Hi all,
I have performed RNA-seq on 2 samples, a "case" and "control", with the idea being to find differential expression between the two.
I have noticed, for one gene, that I have loads of "double" sequences mapping, i.e.: the bamfile for the sequence (which I have converted to a GenomicRanges class), has two reads mapping to the same point in the gene, but mapping repeatedly at different points along the gene.
>countOverlaps(bamlist[[1]], tx_by_gene$ENSRNOG00000024028)[which(countOverlaps(bamlist[[1]], tx_by_gene$ENSRNOG00000024028) != 0)]
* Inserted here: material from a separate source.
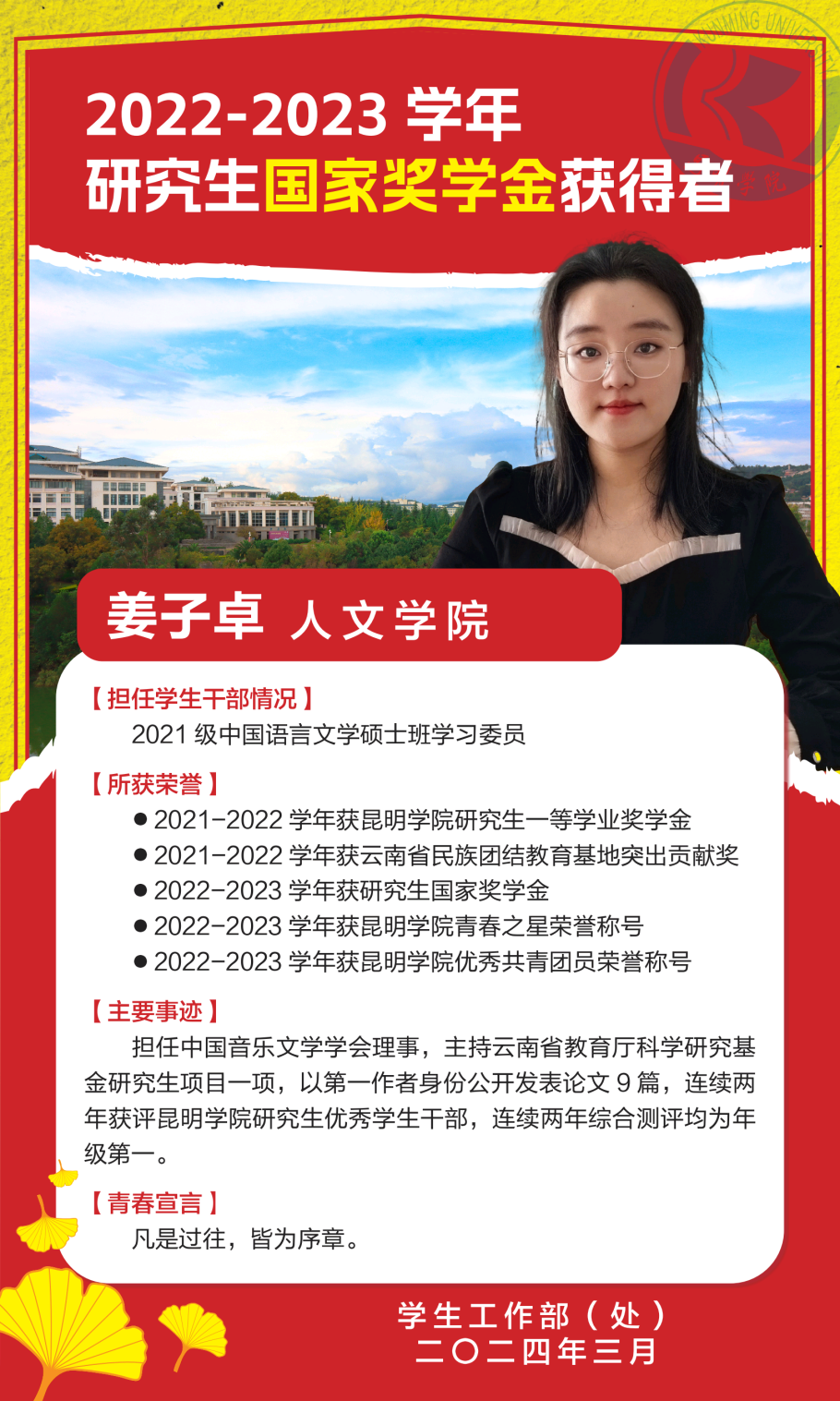 入校学习以来,在民族文学方向老师们的指导下,刻苦钻研、不断进步。在科研学习方面,连续两年综测成绩均名列年级第一,已在国家级刊物、省级论文集中以第一作者身份公开发表论文10篇(独撰),并为中国知网、都市时报等平台收录,主持云南省教育厅研究生项目《新时期云南少数民族诗歌中的生态美学研究》,积极参加助教助研活动。在实践与服务方面,担任中国音乐文学学会理事、班级学习委员等职务,积极主动地为同学服务,高质高效地完成各项工作,连续两年获评williamhill官网“研究生优秀员工干部”;积极参加各项志愿活动,获评威廉希尔中国官网“优秀志愿者”;注重全面发展,擅长钢琴、吉他等;作为朗读者参加我国教育部2022年度“读懂中国”获奖征文录制,并在中国教育电视台等平台同步展播;积极参与民族团结事业建设,获“云南省民族团结教育基地突出贡献奖”“williamhill官网年度青春之星”(民族团结之星)等荣誉。

[1] 2 2 2 2 1 2 1 2 1 2 2 2 1 2 1 1 2 2 2 2 2 2 1 2 2 2 2 2 2 2 2 2 2 2 2 2 2
[38] 2 2 2 2 2 2 2 2 1 2 2 1 2 2 2 2 2 2 2 2 1 2 2 2 2 2 2 2 2 2 2 2 2 2 2 1 2
[75] 2 2 2 2 2 1 2 2 2 2 2 2 1 1 2 2 2 2 2 2 2 2 2 2 2 1 2 2 2 2 2 2 2 2 2 2 2
[112] 2 1 2
Whereas for another gene (and I think typically...at least for my top differentially expressed genes) I get:
>countOverlaps(bamlist[[1]], tx_by_gene$ENSRNOG00000006151)[which(countOverlaps(bamlist[[1]], tx_by_gene$ENSRNOG00000006151) != 0)]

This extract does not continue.